そのトイレはあまりにもオシャレだった。だから最初に見たときは音楽ホールか芸術ホールか、あるいはオシャレなカフェかと思った。

いま改めて外観の写真を見ても、いい意味で公衆トイレっぽくない。この空間の奥で東京管弦楽団がコンサートをしていても、あるいはシルク・ドゥ・ソレイユが公演していても違和感がない。

しかも、見た目が良いだけではない。実際に利用してみるとメチャクチャ快適だった……が! 同時に、考えさせられたのだ。公衆トイレとは何かを。

・トイレにオシャレは必要か?

問題の公衆トイレ(幡ヶ谷公衆トイレ)は、個室2つに男性用小便器が2つという構成になっている。ちなみに、個室トイレはどちらも男女利用可能で、赤ちゃんのオムツ替えなども出来る多機能タイプ


子どもがいる身としては大変ありがたい。というか、機能的には有料でもおかしくないにもかかわらず無料で利用できる点も嬉しい限り。

さらに、中は広々としていて清潔。


日本公衆トイレ快適度ランキングなんてものがあったら、TOP50には間違いなく食い込みそうなクオリティである。

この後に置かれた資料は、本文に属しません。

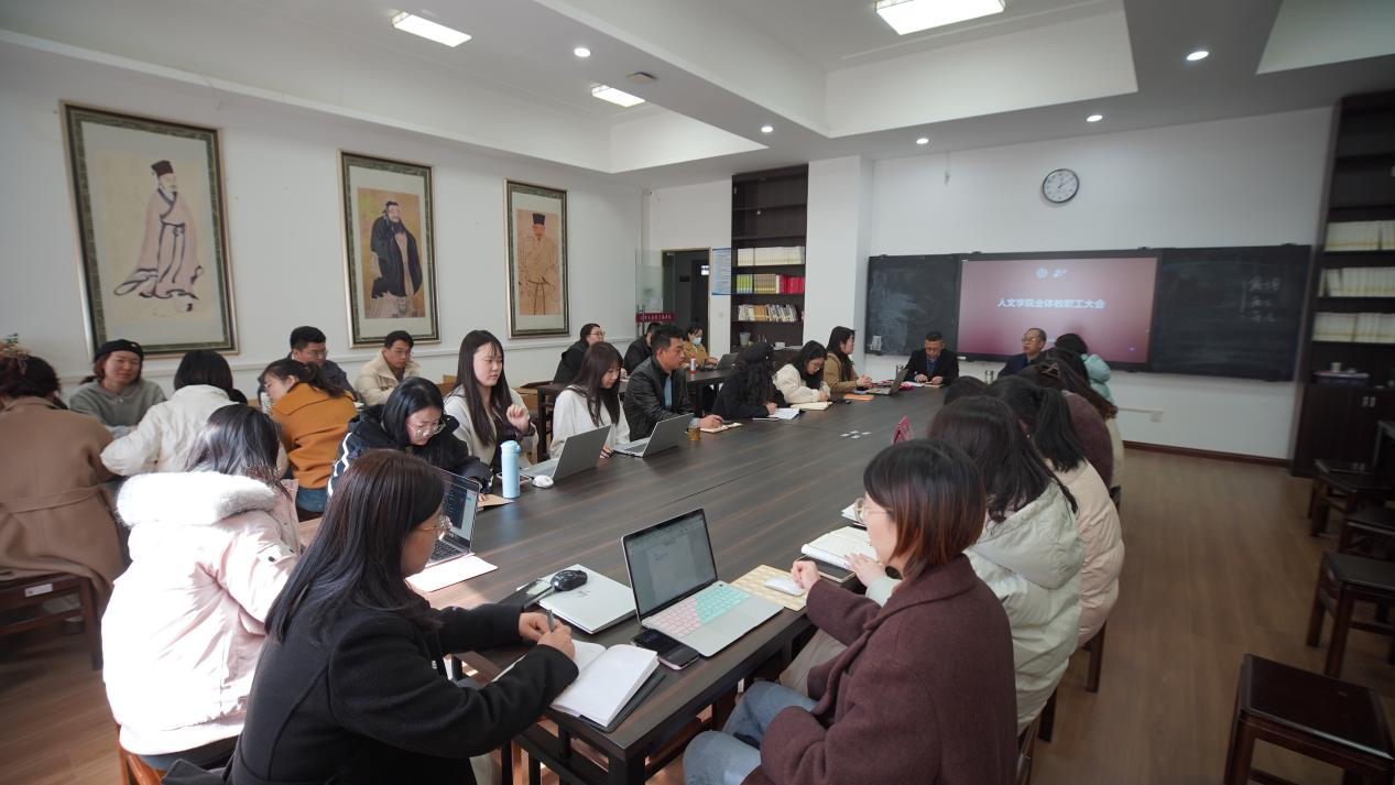 为进一步提升本科教育教学质量,扎实推进本科教学合格评估工作,人文学院全体教职工齐聚一堂, 【全体参会教师】 会议

しかし、考えてみてほしい。人が公衆トイレを利用する時はほぼ緊急事態である。ちょっとした尿意・便意なら我慢するが、我慢できないほどの波が来たから公衆トイレを使うって人が大半ではないだろうか。

そのようなビッグウェーブに耐えているときに欲しいのは、外観のスタイリッシュさではない。とにかく数が多くて……つまり空いている確率が高いトイレだ。

ところが、問題のトイレ、個室の前に庭のようなスペースが設けられているではないか。


それも狭苦しい感じではなく、かなりゆったりとしている。

もしも2つの個室が満室で、限界の便意と戦っている人がここに立ち尽くしていたら……どう感じるだろうか? 私だとしたら、間違いなくこう叫ぶはずだ。

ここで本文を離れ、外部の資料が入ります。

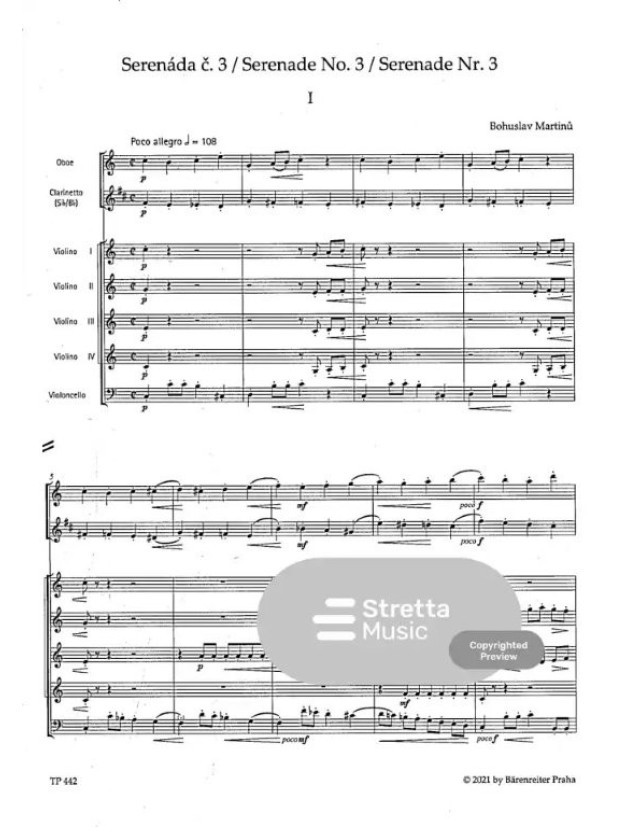 Bohuslav Martinů: Serenade no. 3 (noty, studijní partitura)

「こんなオシャレ空間いらんから、もう1室個室作ってくれや!!!!!」



・利用者ニーズとのギャップ

もちろん、ゆったりとした空間で用を足したいというニーズもあるだろう。散歩がてらに立ち寄って のんびり用を足すという贅沢な時間の過ごし方もある。

が、公衆トイレに課せられた使命はあくまで「緊急事態への対処」ではないだろうか。

設計者としては、ゆとりのある洗練されたトイレ空間を作りたいのかもしれないが、利用者からすれば「とにかく今すぐ用を足させてくれ」なのだ。決壊寸前の状況で、オシャレ空間を楽しむ余裕なんてあるわけがない。

ただまぁ、何でもかんでも利用者二ーズに合わせすぎると、それはそれで没個性になりがちという問題は確かにある。なので難しいところではあるなぁ……と思って周囲を歩いていたら、さらに衝撃を受けた。


なんと!


そのオシャレ公衆トイレの隣、徒歩1分ほどの場所にもう1つ公衆トイレがあったのだ。


つまりこの周辺は、公衆トイレの密度が妙に高いのである。


一体全体、どういうことだ? もしかして、この地域では日頃から「トイレ難民」が大量発生しているのだろうか? 私には見当もつかない。

私が思いつくことといったら、区が「“人間の尊厳” は俺が守る! 絶対に漏らさせないから!!」という強い決意を抱いている……ということくらいだ。



とまあ、オシャレすぎる公衆トイレを前にして、「え?」となった話を書き連ねてみた。当時の状況を思い出しているうちに、なんだかお腹が痛くなってきたような……。

そろそろ、トイレ休憩とさせていただきます。もちろん、音楽ホールのようなオシャレトイレではなく、昔ながらのシンプルなやつで。では、ごきげんよう。

・今回ご紹介した施設の詳細データ

施設名 幡ヶ谷公衆トイレ
住所 東京都渋谷区幡ヶ谷3-37-8

執筆:和才雄一郎
Photo:RocketNews24.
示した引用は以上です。